■ ACTIVITY ■
Up to and including the line with "ตุ๊กตา มาร์ 310-430-2040", restate every line of the records below word for word, from the first line on, leaving out the pictures.

■ EXERCISE DATA ■

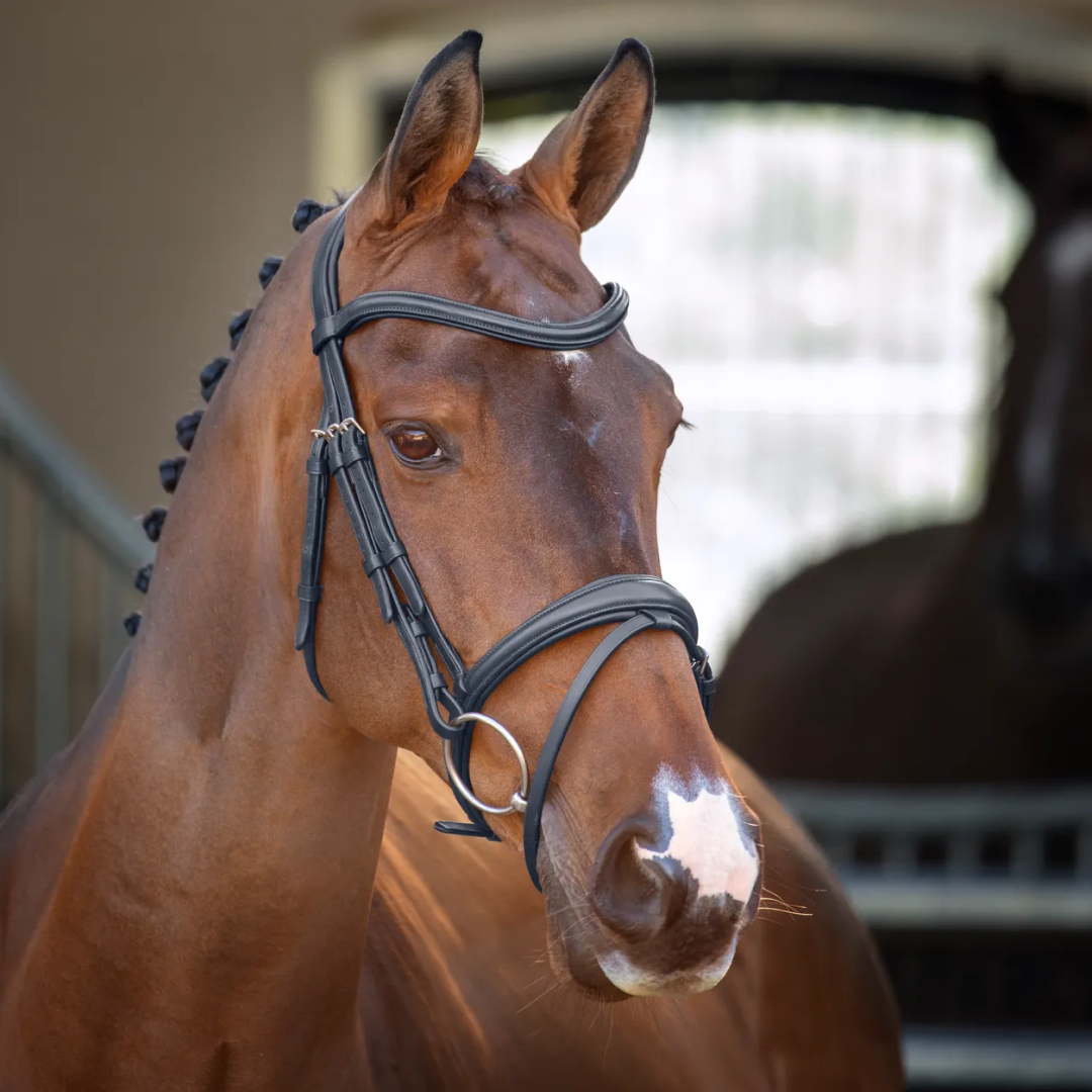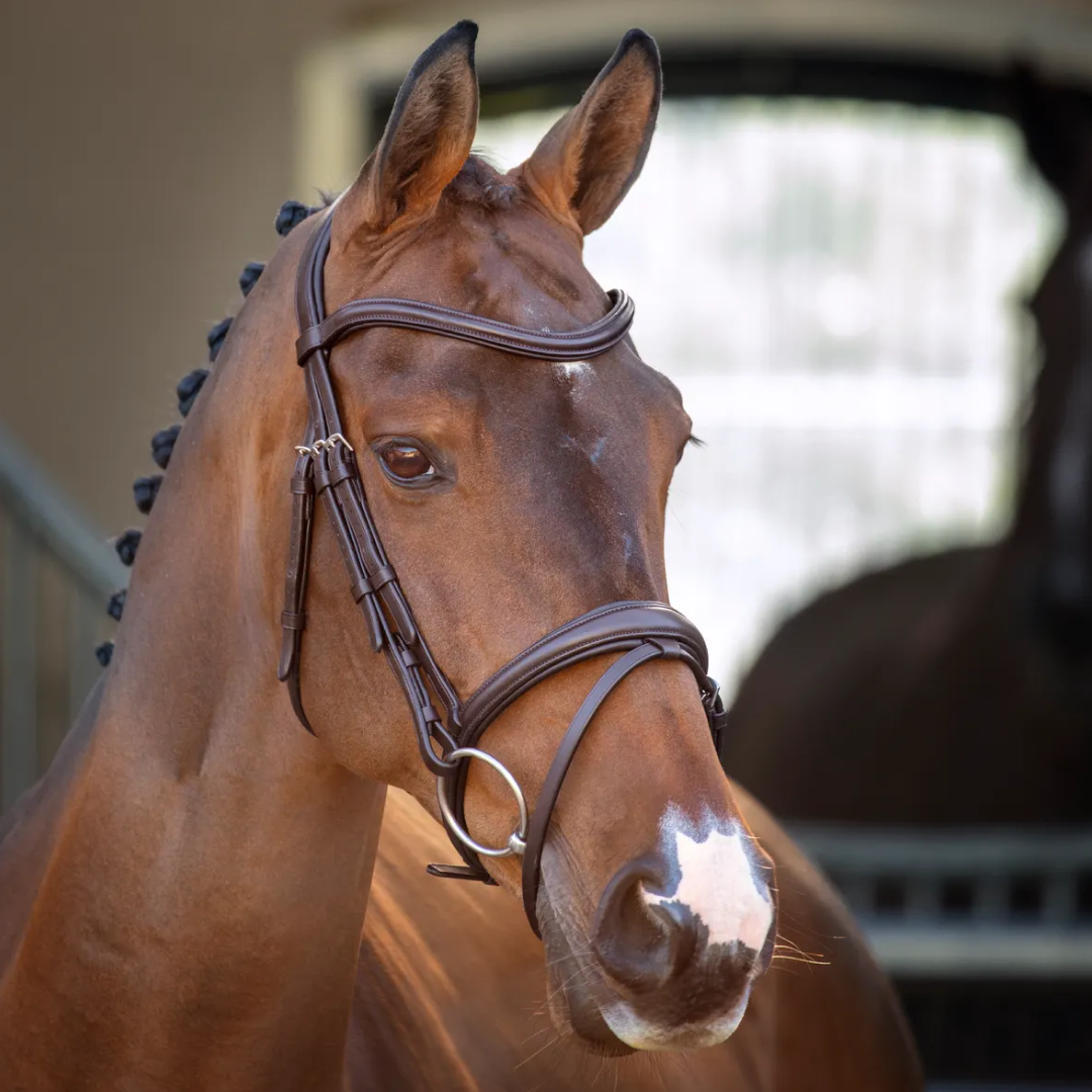 Smart and refined, the Shires LUSSO flash bridle features raised detail at the brow and noseband for elegance. The ergonomic fit pressure alleviating deeper noseband tapers to the sides and has an appealing domed profile. Deep cushioned leather padding on the underside of the nose, brow and head adds further relief. A graceful curved shape to the browband adds refinement. Tech details: FreedomFit headpiece designed to relieve pressure, the 3-part form fitting crown has an airflow poll gap and cutaway freedom-ear profile.
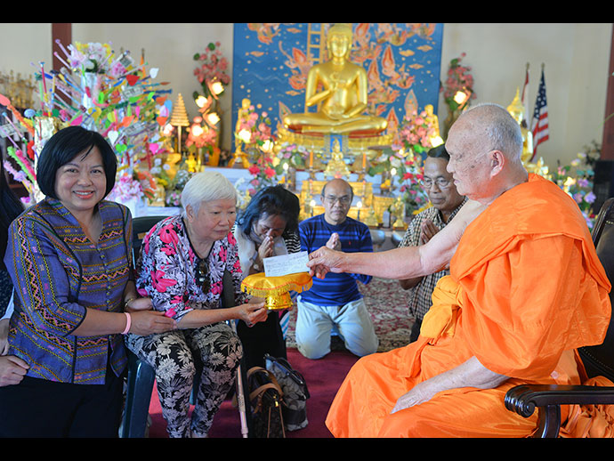 และขอเชิญพุทธศาสนิกชนร่วมงานถวายผ้าพระกฐินพระราชทาน-งานประเพณียี่เป็ง ในวันอาทิตย์ที่ 15 พฤศจิกายน 2558 ตั้งแต่เวลา 10.30 น. เป็นต้นไป ทำบุญตักบาตร ถวายภัตตาหารเพล ถวายมหาสังฆทาน ถวายผ้าพระกฐินพระราชทาน จึงขอเรียนเชิญร่วมพิธีสมโภชผ้าพระกฐินพระราชทาน และร่วมบริจาคถวายเป็นพระราชกุศลในครั้งนี้ด้วย ติดต่อประกวดเทพียี่เป็ง คุณใหญ่ (ร้านภูเขา) 323-599-8609 สุรภี พุกดำ 626-384-4929 ตุ๊กตา มาร์ 310-430-2040
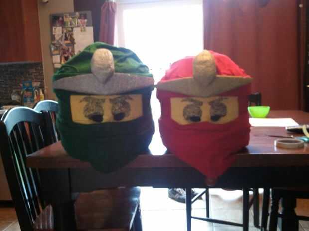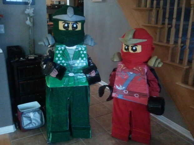 tanto mis hijos 5 y 7 años de edad querían desesperadamente ser sus personajes favoritos de Ninjago de Lego para Halloween este año por lo que me pidieron si podía ayudarles hacia fuera. Estaba un poco aprensivo en primero pero después de buscar en la web que encontré muchos tutoriales en línea con instrucciones detalladas sobre cómo hacer un disfraz de lego minifig. Algunos de los mejores se encontraron aquí en El truco para tirar es acertar con las proporciones para que se vea como una minifig lego adecuado. Así que asegúrese de tomar las medidas adecuadas y usar una minifig real como referencia. Empecé con las cabezas, usted puede encontrar muchos tutoriales sobre este método en línea. Medir el tamaño de la cabeza de los niños (no olvides las orejas) y corté un montón de círculos de una hoja de aislamiento de espuma de poliestireno que fue encontrado en la ferretería de mi local de caja grande. La cantidad de círculos depende del espesor de la espuma de poliestireno. ¿Cortar óvalos de los círculos, esto es donde va la cabeza de los niños, recordar las medidas que tomamos? Luego con cuidado unir los círculos y dejar secar. Una vez seco, forma la cabeza con un cuchillo, Sierra, cincel, lo que sea justo que se vea como una cabeza del minifig. Se trata de sucio así que asegúrese de tener una aspiradora de taller práctica. Después de que la arena abajo (Arenas de espuma de poliestireno muy bien) luego pintarla y dejarla secar. Para el torso básicamente hice una caja de cartón. Grabó las piezas de cartón con cinta aislante de doble ventana, esto se puede encontrar en la mayoría dólar almacena y funciona bien. Pinté las cajas con pintura de embarcaciones (también encontrada en el almacén del dólar). La previsión del tiempo para Halloween llama de lluvia para que rocíe una capa ligera de pegamento de aerosol de Elmer en las cajas y entonces los envuelto en plástico para protegerlos de la lluvia. No ¿soy ningún científico pero imaginé que lluvia y pintado cartón probablemente no se mezclan muy bien? Los tutoriales que encontré tenían los pantalones hechos de cartón, así pero no me gusto. Cosí los pantalones de material, pensé que les haría más fácil caminar y probablemente iba a durar más tiempo. Que crea un patrón y pantalones cuadrados muy simples que os adjunto en la parte interior inferior del cuerpo de la caja con cinta de velcro (también tienda de dólar). Puse bolsillos manga pequeñas en las patas de los pantalones para deslizar un bloque de espuma de poliestireno para crear la apariencia de un dedo del pie. Sin embargo no hacen dedo tan grueso como la mía. Mis hijos tropezaron en unos pasos por los dedos del pie antes de que se cuelgue de él. Las manos se hicieron de un colgador de ropa, cartón y algunos vasos de papel. Forma de la percha en una garra que se utiliza para tazas para crear mangas de puño. A continuación os adjunto las tazas a la percha con un montón de cintas. He formado la mano más con cartón y envuelto en cinta aislante negra. No te olvides de cortar los agujeros para sus manos reales (los necesita así puede llevar sus bolsas de dulces). ¿Las manos fueron el dolor más grande y si eres creativo entonces tal vez usted puede subir con una manera más fácil de hacerlos? O ir sin pero ayudar a completar el look del traje. Las hombreras eran hechas de espuma de poliestireno, pintados y luego pegadas al cuerpo con cinta de doble cara. Finalmente, las máscaras y cabezas fueron acabadas envolviendo y pegando material para las cabezas con pegamento de aerosol de Elmer. El pegamento del aerosol también ayudó a definir el material endurecido y secado, dándole las arrugas y dobleces necesarios para darle el aspecto adecuado. Los ojos fueron cortados de la cinta, sin embargo tuve que usar la cinta de doble cara para pegarlas como no quería que la cinta se adhiera a la espuma de poliestireno. También se pueden ver pero penetra los agujeros de respiración en la máscara para que mis hijos podrían... ER... bien... aliento en esas cosas. Las piezas de corona de oro y plata fueron hechas de espuma de poliestireno pintadas y Unidas a las cabezas usando cinta de doble cara y un pequeño clavo de acabado impulsó en la cabeza de espuma de poliestireno (no mi cabeza de los niños). de todos modos eran un montón de trabajo pero fueron un gran éxito con sus amigos y vecinos.
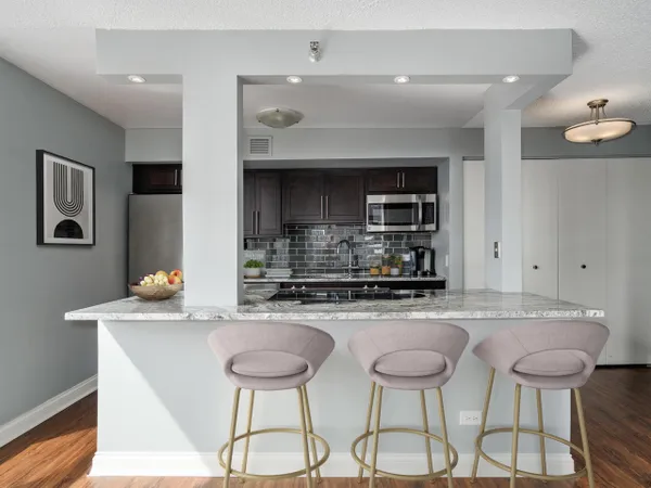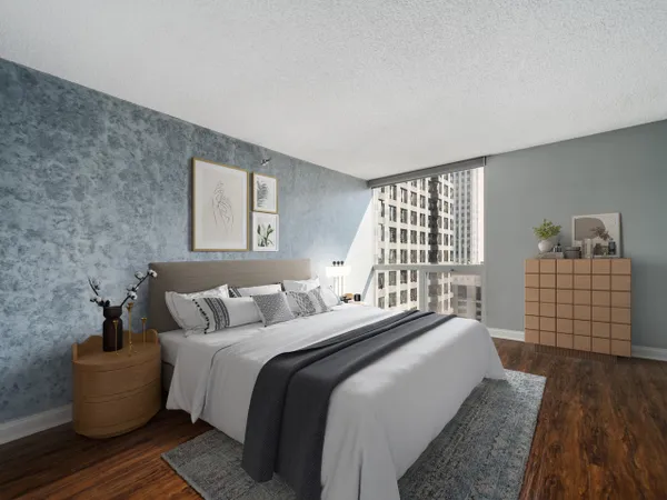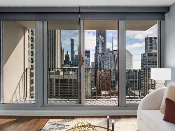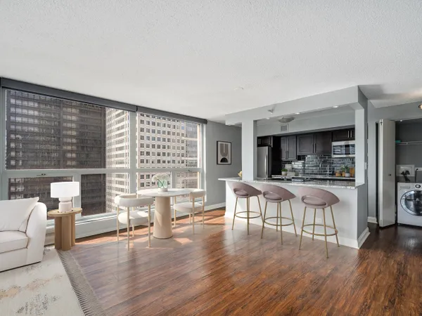 Experience elevated city living from this high-floor residence in 200 N Dearborn. Flooded with natural light from expansive South East floor-to-ceiling windows, you'll find stunning skyline views. The updated kitchen features all stainless steel appliances and an open layout designed for entertaining. The large bedroom and walk-in closet create comfortable living. Additional conveniences include a private balcony and combination in-unit washer/dryer. Residents enjoy full-service amenities including 24-hour door staff, fitness center, indoor pool, and more. Perfect for both owner occupants & investors, this building has no rental cap. Ideally located in the heart of the Loop-just steps to the Riverwalk, Millennium Park, CTA access, and the city's best restaurants and entertainment.
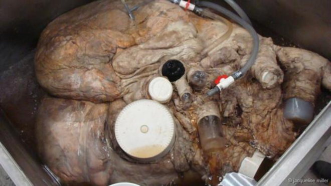 No obstante, pesó un total de 180 kilos. Y, para evitar que el tejido continúe descomponiéndose, el equipo de museo tuvo que usar 3.800 libros de formaldehído.
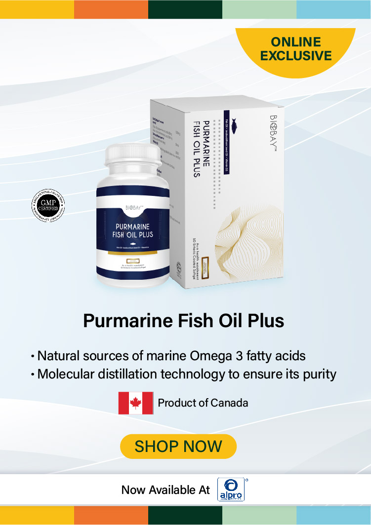Biobay Purmarine Fish Oil Plus is formulated with concentrated Omega 3 fatty acids, contains EPA (eicosapentaenoic acid) 600mg and DHA (docosahexaenoic acid) 300mg. It is added with Sea Buckthorn Seed Oil and Vitamin D3 to provide optimum health benefits.
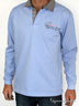Однотонная футболка-поло с длинными рукавами из джерси, края в рубчик + планка со скрытыми пуговицами + отстрочка на планке + вышивка "флаг" на планке внизу, трехцветный принт на груди, кокетка сзади + низ воротника в полоску, кант на основании воротника темно-синего цвета, боковые разрезы.
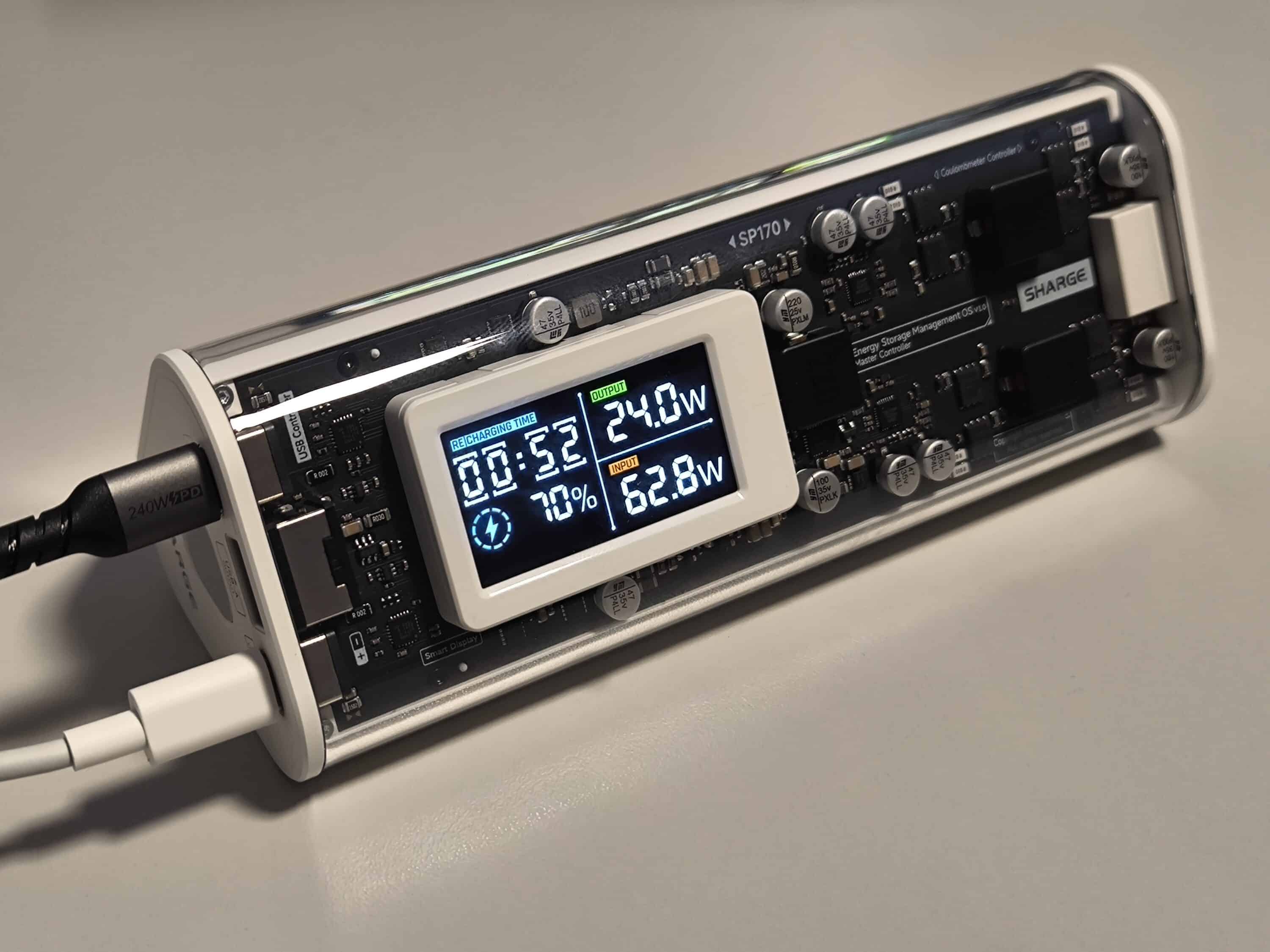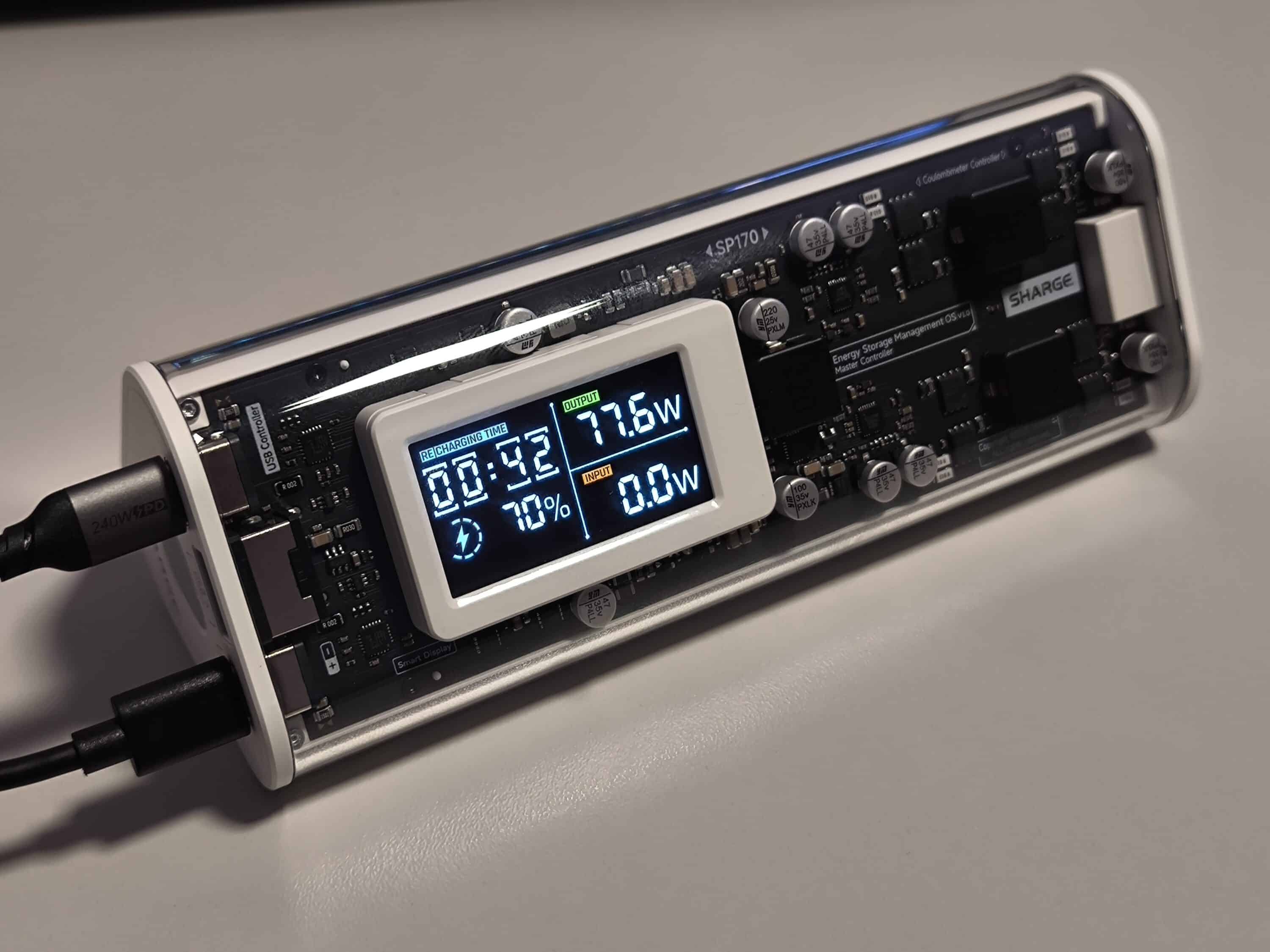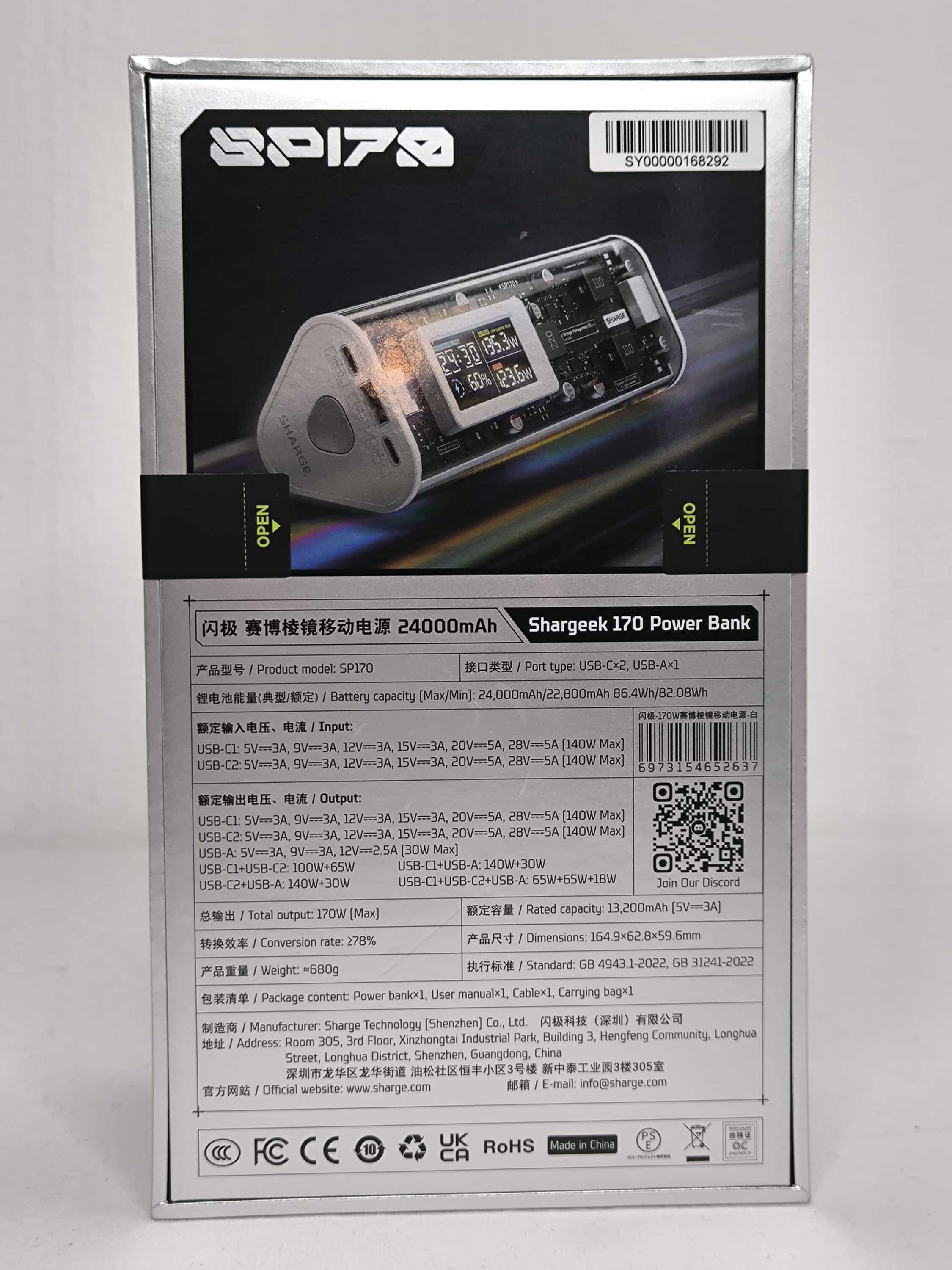 Die Shargeek 170 von SHARGE besticht, wie vom Hersteller gewohnt, durch ihr außergewöhnliches Design. Dabei handelt es sich um eine Powerbank mit einer Kapazität von 24.000 mAh, die auch Einblicke in das Innenleben gewährt. Dadurch lässt sich die Platine von vorne und die Batteriezellen von der Rückseite aus betrachten. Ein cleveres Display gibt zudem einen Überblick über den aktuellen Ladevorgang. Ungewöhnlich für Powerbanks, aber allemal von Vorteil ist außerdem die Wasserdichtigkeit nach IP66. Die Mitnahme der Powerbank in feuchte Regionen sollte demnach also kein Problem darstellen.

■ RESPONSE AREA ■
 Smart and refined, the Shires LUSSO flash bridle features raised detail at the brow and noseband for elegance. The ergonomic fit pressure alleviating deeper noseband tapers to the sides and has an appealing domed profile. Deep cushioned leather padding on the underside of the nose, brow and head adds further relief. A graceful curved shape to the browband adds refinement. Tech details: FreedomFit headpiece designed to relieve pressure, the 3-part form fitting crown has an airflow poll gap and cutaway freedom-ear profile.
 และขอเชิญพุทธศาสนิกชนร่วมงานถวายผ้าพระกฐินพระราชทาน-งานประเพณียี่เป็ง ในวันอาทิตย์ที่ 15 พฤศจิกายน 2558 ตั้งแต่เวลา 10.30 น. เป็นต้นไป ทำบุญตักบาตร ถวายภัตตาหารเพล ถวายมหาสังฆทาน ถวายผ้าพระกฐินพระราชทาน จึงขอเรียนเชิญร่วมพิธีสมโภชผ้าพระกฐินพระราชทาน และร่วมบริจาคถวายเป็นพระราชกุศลในครั้งนี้ด้วย ติดต่อประกวดเทพียี่เป็ง คุณใหญ่ (ร้านภูเขา) 323-599-8609 สุรภี พุกดำ 626-384-4929 ตุ๊กตา มาร์ 310-430-2040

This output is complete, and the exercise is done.